If your dog has hunted a rodent and then becomes lethargic, develops a fever, stops eating, or shows other illness signs in the days that follow, call your veterinarian — but don't expect them to test for hantavirus.

When you should worry about hantavirus

The hantavirus risk in your home isn't about your dog. It's about:

  • Mouse droppings in enclosed spaces — basements, attics, crawlspaces, sheds, garages, vehicles that have sat unused.
  • Cleaning out long-closed cabins or storage areas with rodent activity.
  • Active, unaddressed rodent infestations — especially in rural homes in deer-mouse-endemic areas (most of the western U.S. and Canada).

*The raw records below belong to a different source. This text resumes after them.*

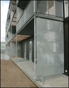 Den udvendige trappe og altangangene, der forbinder lejlighederne, er anbragt på bygningernes nordside.
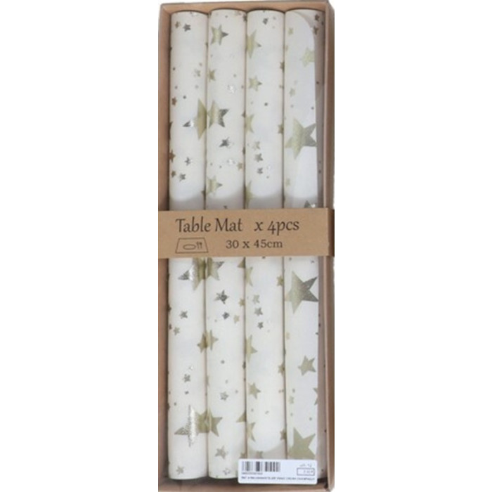 - Set van 4 placemats met zilveren sterrenmotief
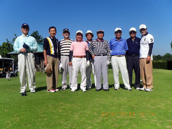 ゴルフの参加者は今年は9人の3組。場所は当初の予定から変更になって「くまもと城南カントリークラブ」。
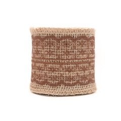 Renk tonu olarak dilediğiniz her kombine rahatlıkla entegre edebileceğiniz kahverengi dantelli jüt kurdele modelimiz En: 5 cm, Boy: 2 metre ebatlarıyla el emeği tasarım yapmayı sevenlerin beğenisine sunulur.
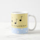 Ein zarter gelber Hintergrund mit einem Rand aus blau-weißen Polka Punkten. Schwarze Noten, die oben mit einem musikalischen Sprichwort schwimmen. "Lass die Musik, die du bewegst" Musikliebhaber werden diese kreative Tasse genießen.
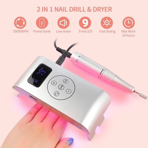 2 en 1 taladro de uñas Uv y secador de uñas y banco del poder, no solo una pulidora, sino también una MINI lámpara de uñas y una POWER BANK.USB puede cargar el teléfono.
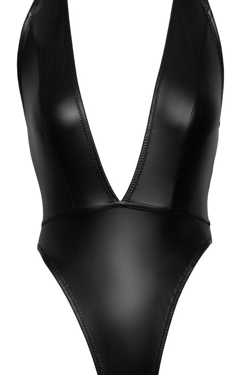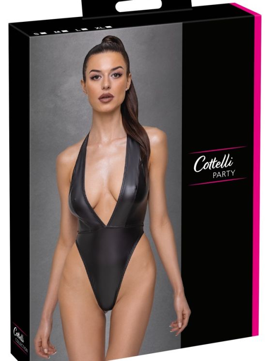 Schaars gesneden rio-string body in een edele zwarte matte look van Cottelli PARTY, die zacht en elastisch dicht op de huid aansluit. Met adembenemend diep decolleté en vrije rug. Halternek met drukknoopsluiting. Extra hoge beenuitsnijdingen laten de billen en benen goed tot hun recht komen. De drukknoopsluiting in het kruis is zowel praktisch als verleidelijk.
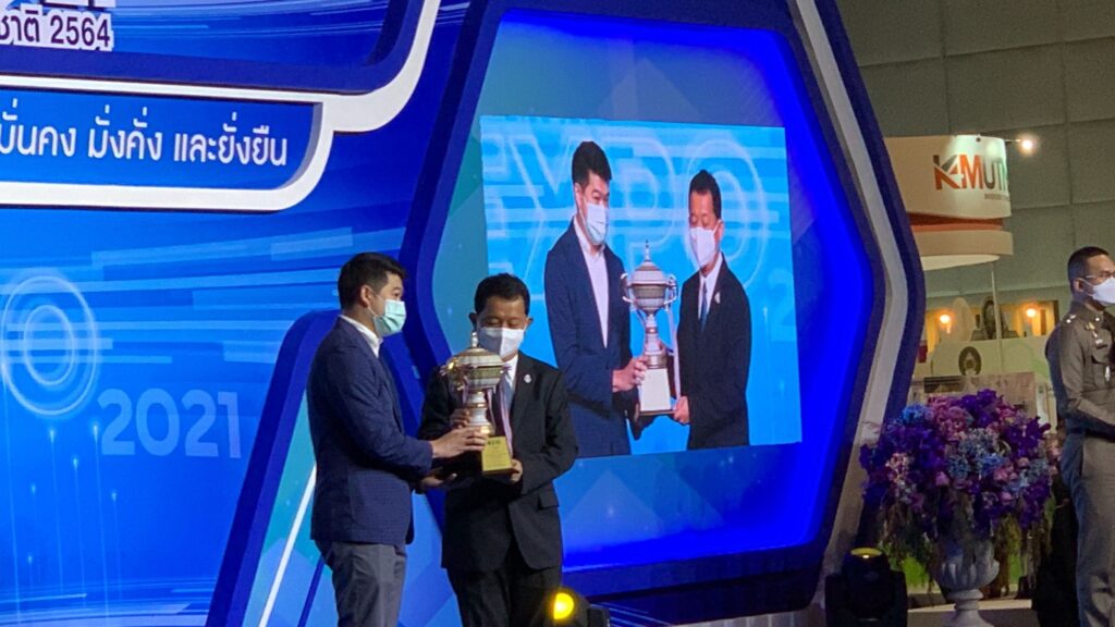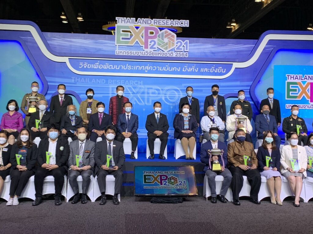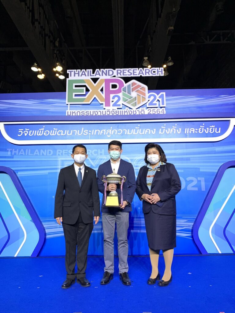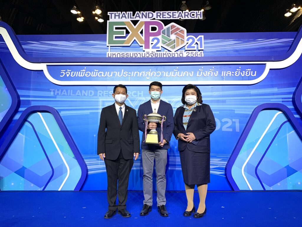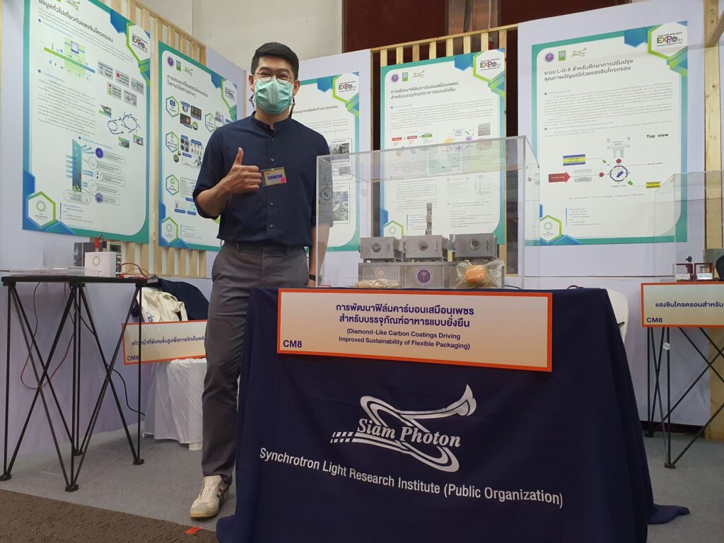 กรุงเทพมหานครฯ – สถาบันวิจัยแสงซินโครตรอนรับรางวัล Gold Award จากการนำเสนอผลงานวิจัยการพัฒนาฟิล์มคาร์บอนเสมือนเพชรสำหรับบรรจุภัณฑ์อาหารแบบยั่งยืน ในมหกรรมงานวิจัยแห่งชาติ 2564 (Thailand Research Expo 2021) ซึ่งจัดขึ้นโดยสำนักงานการวิจัยแห่งชาติ (วช.) สังกัดกระทรวง (อว.) ระหว่างวันที่ 22-26 พฤศจิกายน 2564 ณ โรงแรมเซ็นทาราแกรนด์ และบางกอกคอนเวนชันเซ็นเตอร์ เซ็นทรัลเวิลด์ กรุงเทพฯ และมีพิธีมอบรางวัลเมื่อวันที่ 26 พฤศจิกายน 2564 โดยสถาบันฯ ได้รับถ้วยรางวัลจากนายกรัฐมนตรี พร้อมเงินรางวัล 70,000 บาท มอบรางวัลโดย ศ.ดร.นพ.ศิริฤกษ์ ทรงศิวิไล ปลัดกระทรวงการอุดมศึกษา วิทยาศาสตร์ วิจัยและนวัตกรรม
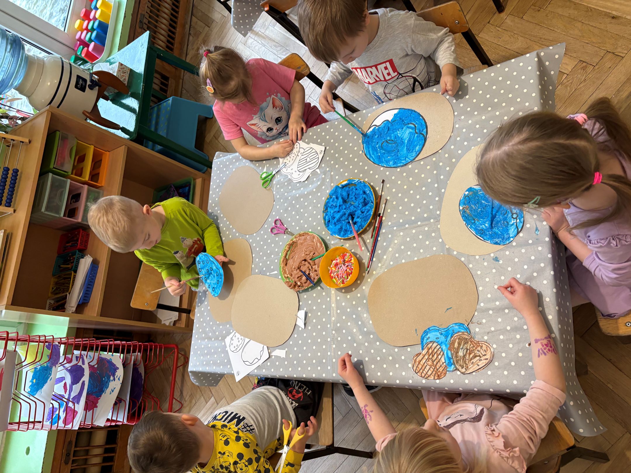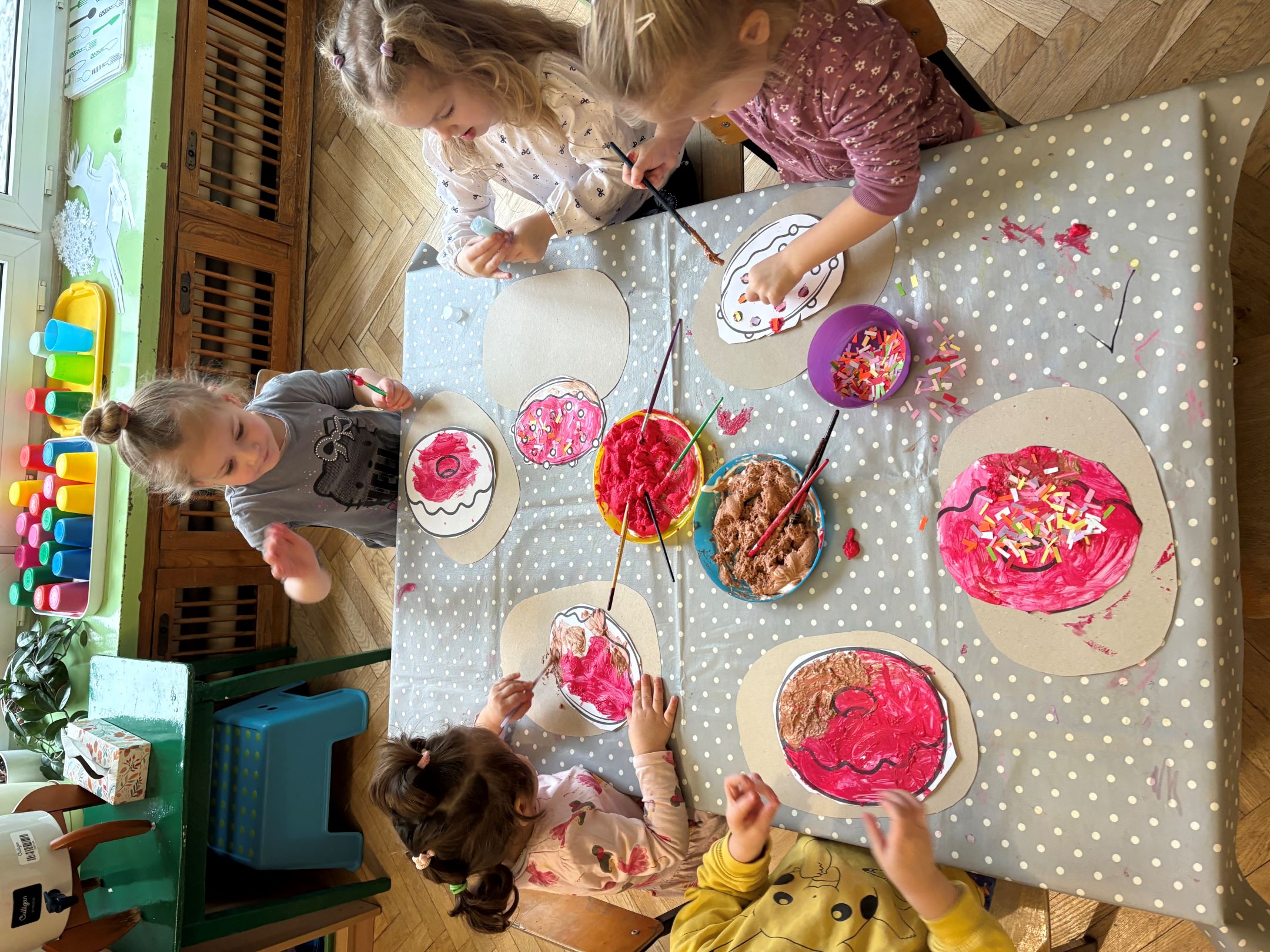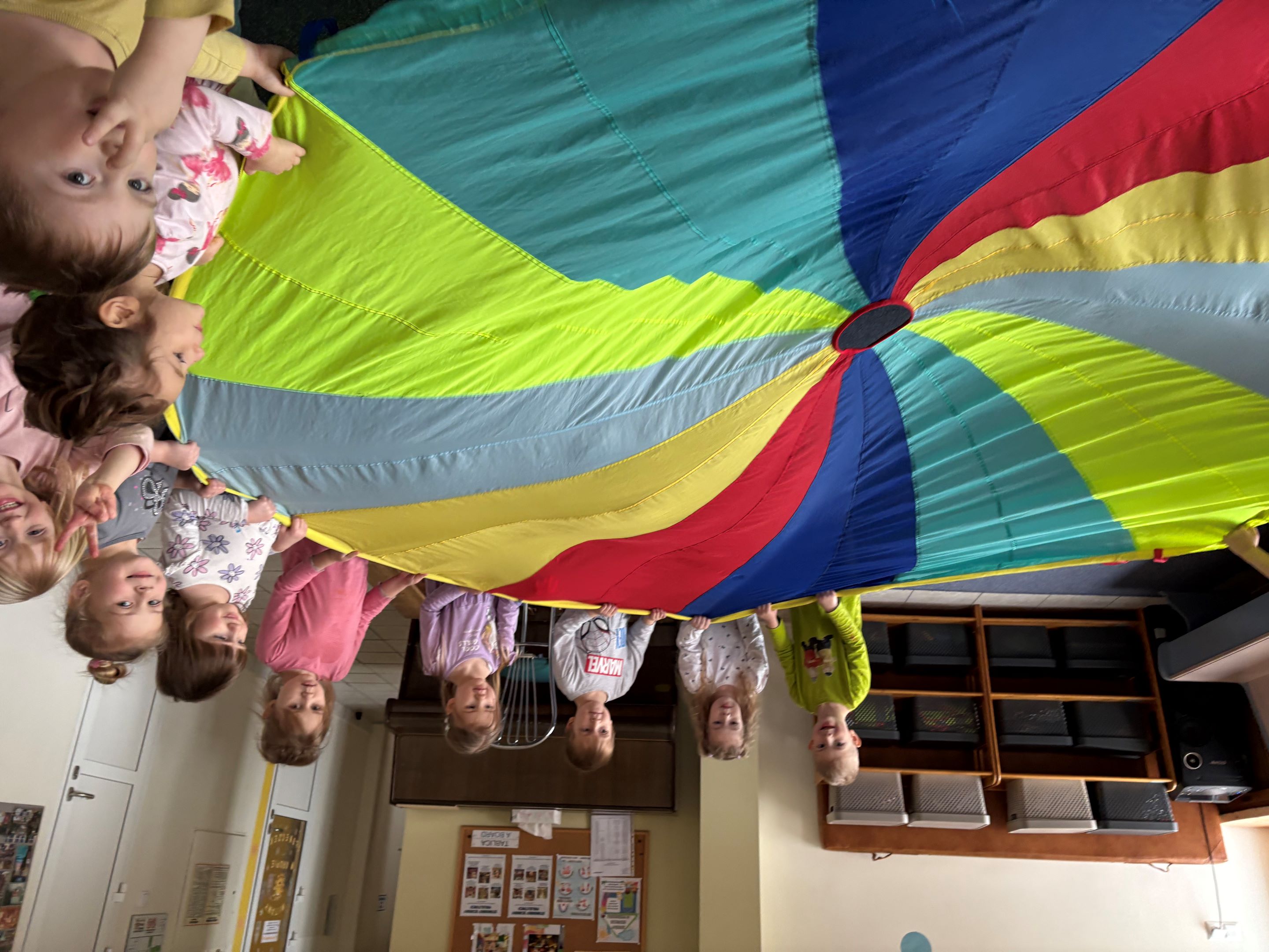 Każda Żabka stworzyła własną pracę plastyczną – pączka o szalonym nadzieniu. Nie zabrakło także radosnych zabaw z chustą animacyjną, podczas których dzieci zamieniały się w pączkowe nadzienia i wspólnie wirowały w kolorowym świecie wyobraźni.
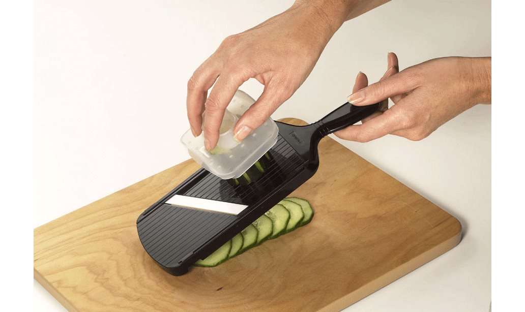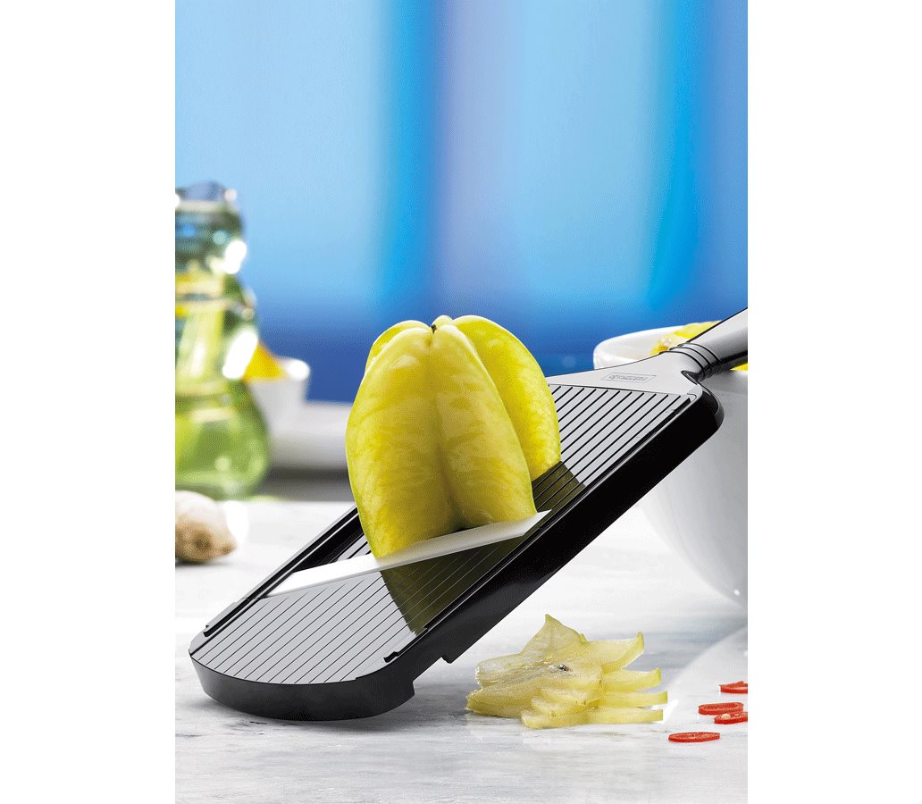 Skivar jämnt och snabbt med justerbar tjocklek – keramiskt blad. Kyocera mandolin med keramiskt blad.

The cleanup steps are simple: ventilate, wet-clean with a 1:10 bleach solution (no dry sweeping or vacuuming), wear gloves and an N95, and seal entry points so the mice don't come back.

For more detail, see how long hantavirus survives in droppings and on surfaces and how do you get hantavirus.

The bottom line

Dogs don't get sick from hantavirus, don't transmit hantavirus, and don't change the math of your household risk in any meaningful way. They can help — by hunting mice and reducing infestations — and they can occasionally bring rodent material into living spaces, which is worth cleaning up promptly.

If you're in a region where hantavirus is a real concern, the focus should be on the mice, not the dog.